Selon la définition communément acceptée, la « mégafaune » terrestre inclut carnivores d’au moins 15 kilos et grands herbivores de plus de 100 kilos, soit un total relativement modeste de 101 espèces. Mais trois-cinquièmes de ces créatures emblématiques sont classées comme menacées par l’Union internationale pour la conservation de la nature (IUCN), dont plus d’une dizaine dans la catégorie « en danger critique » ou « éteinte à
l’état sauvage ». « Les scientifiques en charge de la conservation vont bientôt être occupés à écrire des nécrologies pour des espèces ou des sous-espèces de mégafaune au fur et à mesure qu’elles disparaissent de la planète », se lamente Bill Ripple, de l’université de l’Oregon, principal auteur d’un appel signé en décembre par plus de 15.000 de ses collègues mettant en garde l’humanité. Nouvelle mauvaise nouvelle la semaine dernière : Sudan, le dernier mâle rhinocéros blanc du Nord est mort à l’âge de 45 ans dans un zoo au Kénya alors qu’il restait encore au moins 700 de ses congénères dans la nature au moment de sa naissance.  Alors les spécialistes, autrefois mesurés, ne mâchent plus leurs mots. Pour les uns, l’antilope Addax du Sahara est « vouée à l’extinction ».
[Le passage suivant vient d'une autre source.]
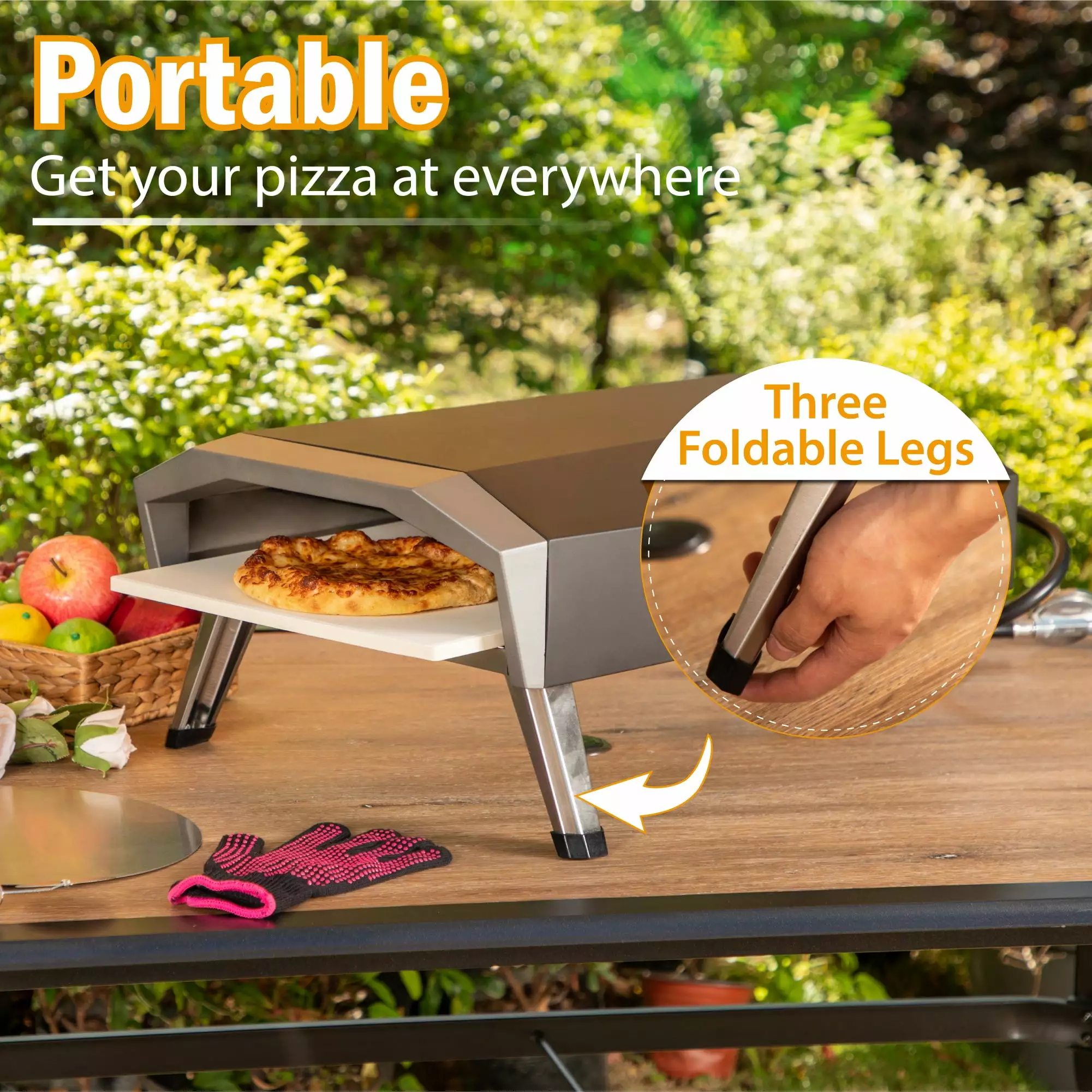 - Compact Portable Design: The durable and lightweight pizza oven is equipped with folding legs. and can be easily assembled without tools. It can also be quickly disassembled and put in a cover for easy storage. ideal for backyard or outdoor cooking activities.

Pour d’autres, le gorille de l’Est, aussi chassé pour sa viande, « n’est qu’à un pas » de la disparition, comme les orangs-outans de Bornéo et Sumatra. Des animaux fascinants encore suffisamment nombreux pour attirer des millions de touristes en Afrique chaque année sont aussi en déclin. Les populations de lions, rhinocéros et guépards ont ainsi chuté de plus de 90% au cours du siècle dernier; le nombre de girafes, désormais classées « vulnérables », a baissé de 40% en 30 ans ; et 30% des ours polaires risquent de disparaître d’ici le milieu du XXIe siècle. « Il est très possible que nous voyions ces géants s’éteindre dans la nature pendant notre vie, sous nos yeux », explique la directrice de l’IUCN Inger Andersen. Et le contexte plus large n’est pas encourageant. Les scientifiques sont d’accord pour dire qu’une nouvelle « extinction de masse » a commencé, qui voit des espèces de toutes sortes et de toutes tailles disparaître 100 fois plus vite que la normale. La Terre a connu jusqu’à présent cinq extinctions de masse, la dernière en date, celle des dinosaures, remontant à 66 millions d’années. Aujourd’hui, la mégafaune est victime de risques multiples liées à l’expansion humaine, de la perte de son habitat au braconnage, en passant par les conflits avec l’élevage, et par exemple, pour l’ours polaire, le changement climatique.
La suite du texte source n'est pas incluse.